Conversation tennis A: What did you do yesterday? B: I worked all day. Then I went to the gym. A: Did you? B: What did you do? Set the learners the task of having a conversation in which they try to “bat” the conversational ball back and forth as much as possible without letting it drop. It is a good warm-up exercise at the beginning of every lesson.
Disappearing dialogue The text of the dialogue is written on the board, learners practice reading it aloud in pairs and then the teacher starts removing sections of it. First these could be single words, then the whole lines could be removed. A. What did you do yesterday? B: I worked all day. Then I went to the gym. A: Did you? B: What did you do?
Dialogue building The dialogue is not presented to the learners but elicited from them line by line. 1. Establishing the situation, the context and the purpose (at the hotel) 2. The teacher starts to elicit the conversation. The ideas for the 1 -st, 2 -d and 3 -d line of the conversation. 3. The complete dialogue is built and drilled.
Communicative activities §The motivation of the activity is to achieve some outcome using language §The activity takes place in real time §Achieving the outcome requires the participants to interact – listen and speak §Because of the spontaneous interaction the outcome is not predictable §There is no restriction to the language used
1. Jigsaw activities 2. Surveys (more elaborate versions of milling activities) 3. Blocking games – bringing in the element of unpredictability into a standard conversation 4. Guessing games 5. “The Onion” - the chairs are arranged in circles – the inner circle is facing the outer circle, the students of the outer circle move round one chair so that they have a new partner 6. Reconstructing a story behind a headline. 7. 4 -3 -2 activity: the students are allowed less time with each attempt to do a task (to retell a story) 8. Role-plays 9. Dramatising activities 10. Discussions and debates
Story-telling activities Guess the lie: Learners tell each other three short personal anecdotes, two of which are true in every particular, and the third of which is totally untrue (but plausible). The listeners have to guess the lie – and give reasons for their guesses. They can be allowed to ask a limited number of questions after the story. Chain story: in groups the learners take turns to tell a story, each one taking over from, and building on, the contribution of their classmates, at a given signal from a teacher.
Discussion cards: the teacher prepares in advance sets of cards (one for each group) on which are written statements related to a pre -selected topic. In groups one student takes the first card, reads it aloud and they then discuss it for as long as they need, before taking the next card. If a particular statement doesn’t interest them they can move on to the next one. The teacher should decide at which point to end the activity.
Guessing games In the games such as “What’s my line? ”one learner thinks of a job and the others have to ask yes/no questions to guess what it is. It provides ideal conditions fro automating knowledge (Do you work indoors or outdoors? Do you work with your hands? Do you wear a uniform? ). The game takes place in real time, so there is an element of spontaneity and the focus is on the outcome (not the language being used to get there). Other games: What sort of animal am I? Who am I? (One player thinks of a famous person, alive or dead) The basic format of this game can be applied to almost any topic.

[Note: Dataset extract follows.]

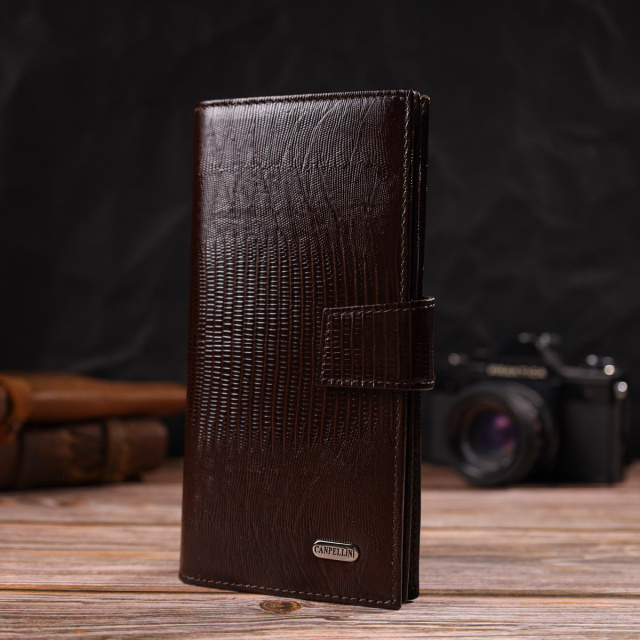 - гаманець упакований у фірмову коробочку. Вертикальний чоловічий гаманець із натуральної фактурної шкіри з тисненням. Аксесуар має одне основне відділення, в яке розміщуються купюри всіх номіналів, п'ятнадцять кишень для карток, кишеня під сіточкою для документів, дві прилеглі кишені та монетницю. Закривається аксесуар навпіл шкіряним хлястиком на кнопку. Запакований гаманець картонну коробку. ОПЛАТА та ДОСТАВКА : накладний платіж з передоплатою 200 грн.Терміни відправлення : 1-3 робочих днів

The onion. If the number of students in the class is not more than about twelve, they can be divided into two equal groups. As many chairs as there are students are arranged in the centre of the classroom in two circles, the outer circle facing the inner circle. The students sit opposite one another and perform their speaking task e. g. telling their partner about the current worry and getting advice. The students in the outer circle then move round one chair so that they have a new partner, and the activity is repeated.
4 -3 -2 – in this pairwork format, the objective is to retell a story or monologue within a time limit that decreases at each retelling, thereby encouraging greater automaticity. Students are paired and take it in turns to do a monologic speaking task, e. g. recounting a story or explaining the process, based on picture prompts, or summarising the text they have just read. For the first telling the speaker is allowed four minutes, the second time they have to achieve the same degree of detail only in three minutes etc.
Presentations and talks Show-and- tell. Asking students to talk and answer questions about an object or image of special significance to them. The talk need to be more than 2 or 3 minutes and should be unscripted. The use of notes could be allowed. Did you read about…? It can be done in small groups rather than the whole class. The stimulus is “something I read in the paper or heard on the news’ rather than an object. The most interesting story in each group can then be told to the class as a whole.
Academic presentations – students studying English for academic purposes are likely to need preparation in giving academic presentations or conference papers. It may be helpful to discuss the formal features of such genres as well as identifying specific language exponents associated with each stage. These features could be displayed as a poster in the classroom.
Drama, roleplay and simulation Speaking activities involving a drama element, in which learners take a leap out of the confines of the classroom, provide a useful springboard for real-life language use. Situations that learners are likely to encounter when using English in the real world can be simulated, and a greater range of registers can be practiced than are normally available in classroom talk.
A and B. You are a married couple. B is from another country. Immigration officers are going to interview you and you have five minutes to prepare for the interview. Work together to make sure you give the same information about: - how long B has been in the country - how long you have known each other - where you met - your wedding - your jobs - what do you do in your free time C and D. You are immigration officers. A and B are married. B is from another country and you don’t think it’s a real marriage. You are going to interview the couple and you have 5 minutes to prepare for the interview. Work together to prepare questions to ask them. - how long B has been in the country - how long have they known each other - where they met - their wedding - their jobs - what they do in their free time
The Soap – learners plan, rehearse and perform (film) an episode from a soap opera. The soap opera could be based on a well-known local version. Students write detailed profiles of the characters they are going to play and then the story is built up through a series of improvisations and scripted. Work is done on pronunciation as well as using drama techniques to improve performance.
Warm-up discussions – when introducing a new topic or preparing learners to read or listen to the text it is common to set a few questions fro pair or group discussions, followed by a report back to the class. Panel discussions – follow the format of a television debate in which people representing various shades of opinion on a topic argue the case usually under the guidance of a chairperson. One way of organizing this is to let students first work in pairs to prepare their arguments, then one of each pair takes their place on the panel, while the others form the audience asking questions
Audio and video conferencing These are virtual meetings, in which two or more people communicate via a live audio or video link over the Internet. They require microphone, speakers and special software, web camera. Both audio and video conferencing have been used to good effect to bring learners from different parts of the world together to collaborate on tasks and simulations.
Jigsaw activity Students select one of several journal articles from an approved list, read the article, write a summary, and prepare a short oral presentation. In class students are assigned to small groups with students from each of the other articles. Students then take turns in presenting the main points of their article to the other students in their group.